In the prior art, a large number of dust concentration detection methods exist, and as the accuracy of dust concentration detection is limited, a plurality of troubles are brought to engineering construction; for this reason, chinese patent document CN113466096B discloses a novel direct-reading dust concentration measuring instrument, which comprises a housing, a sampling device, a vortex shedding flowmeter, a dust-removing type water-passing pneumatic membrane, a sponge filter cartridge, a weight sensor, an electric air pump, a central processing unit, a battery, a display and a key unit. Through parallel filter membrane sampling and dust removal formula air-operated membrane sampling that lets in water, the treater carries out processing calculation, can filter the interference that water smoke produced in dust concentration detection to more surely read the dust concentration value in the air on the display screen.
In the dust concentration detection process, as the dust amount attached to the filter membrane is increased, the weight of the filter membrane is increased, the air quantity which can permeate the filter membrane is gradually reduced, and the dust attaching capability of the filter membrane is gradually weakened along with the increase of the dust amount, so that the dust detection precision is gradually reduced along with the use time of the filter membrane.
Disclosure of Invention
The invention aims to provide an engineering construction atmospheric environment dust detection method, which solves the problem that the dust detection precision gradually decreases along with the use time of a filter membrane.
In order to achieve the above object, the technical scheme of the present invention is as follows: the engineering construction atmospheric environment dust detection method is characterized by comprising the following steps of:
s1: erecting a detection device in a dust detection area;
s2: inserting the filter membrane into a detection device and starting the detection device, wherein the detection device obtains the initial weight of the filter membrane;
s3: the detection device sucks air in the dust detection area, the filter membrane adsorbs dust in the sucked air, the detection device detects the moisture content of the dust adsorbed on the filter membrane, and the total suction amount of the air is recorded in real time;
s4: when the weight of the filter membrane reaches a threshold value, the detection device moves the filter membrane, so that other areas of the filter membrane can continuously adsorb dust in inhaled air;
s5: the detection device obtains the real-time weight of the filter membrane and passes through the formula:calculating and outputting the dust concentration of the dust detection area; wherein: m is m 1 M is the initial weight of the filter membrane 2 The real-time weight of the filter membrane is V, the total air suction amount is V, and q is the dust water content.

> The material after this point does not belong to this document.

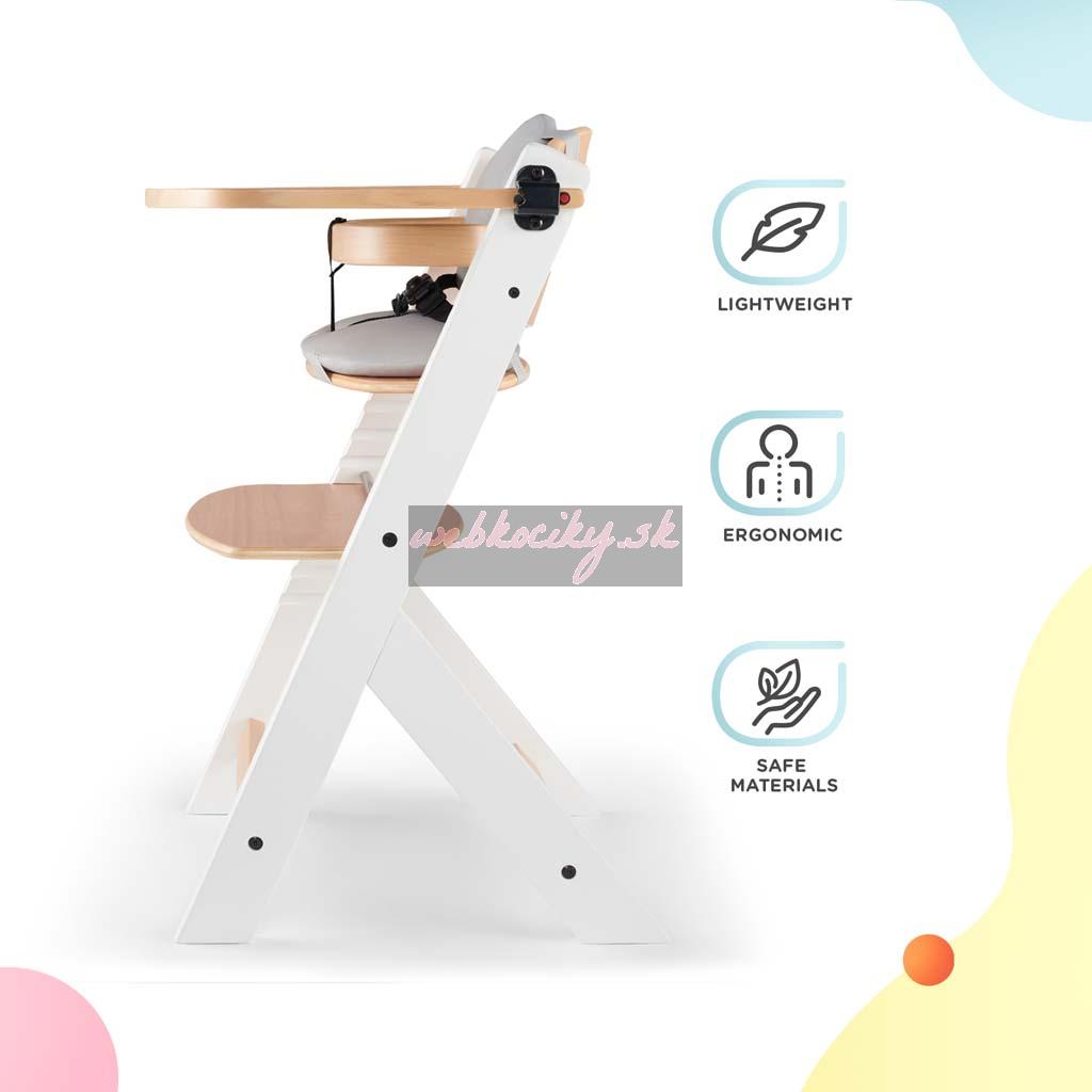 Existuje vôbec stolička na kŕmenie, ktorá bude slúžiť dieťaťu niekoľko rokov? Áno! Práve taká je stolička ENOCK. Enock nie je len bezpečná a praktická vysoká stolička na kŕmenie, ale aj ergonomická stolička pre staršie deti. Ako je to možné? Výška sedadla a opierka nôh sú nastaviteľné, vďaka čomu je jednoduchšie prispôsobiť stoličku veku a výške dieťaťa. ENOCK je navrhnutá pre vašu rodinu – je to stolička, ktorej dizajn bude ladiť aj s interiérom vášho domu alebo bytu. Okrem toho ju jednoducho prispôsobíte stolu v kuchyni, jedálni alebo obývacej izbe. Vďaka profilovanej chrbtovej opierke bude dieťa udržiavať správnu polohu pri jedle, a bude mať možnosť tráviť čas pri stole spoločne s dospelými. Pohodlná vložka priložená k stoličke zaručí pohodlie počas jedla a zábavy.

The technical principle of the scheme is as follows:
through the weight of real-time detection filter membrane, the weight of filter membrane increases along with the increase of dust volume, when the filter membrane reaches certain weight, then reflect its absorptive dust volume and approach saturation, the dust is difficult to continue to adsorb to the filter membrane this moment, if continue the use then the increased weight of filter membrane is lower than the dust volume that exists in the actual suction air, consequently through the mode of removing the filter membrane position, change the adsorption that other regions of filter membrane carried out the dust continuously, promote the accuracy that the filter membrane adsorbed the dust volume promptly, the moisture content of rethread detection dust, get rid of the weight of moisture in the dust, finally calculate the dust concentration of output dust detection area.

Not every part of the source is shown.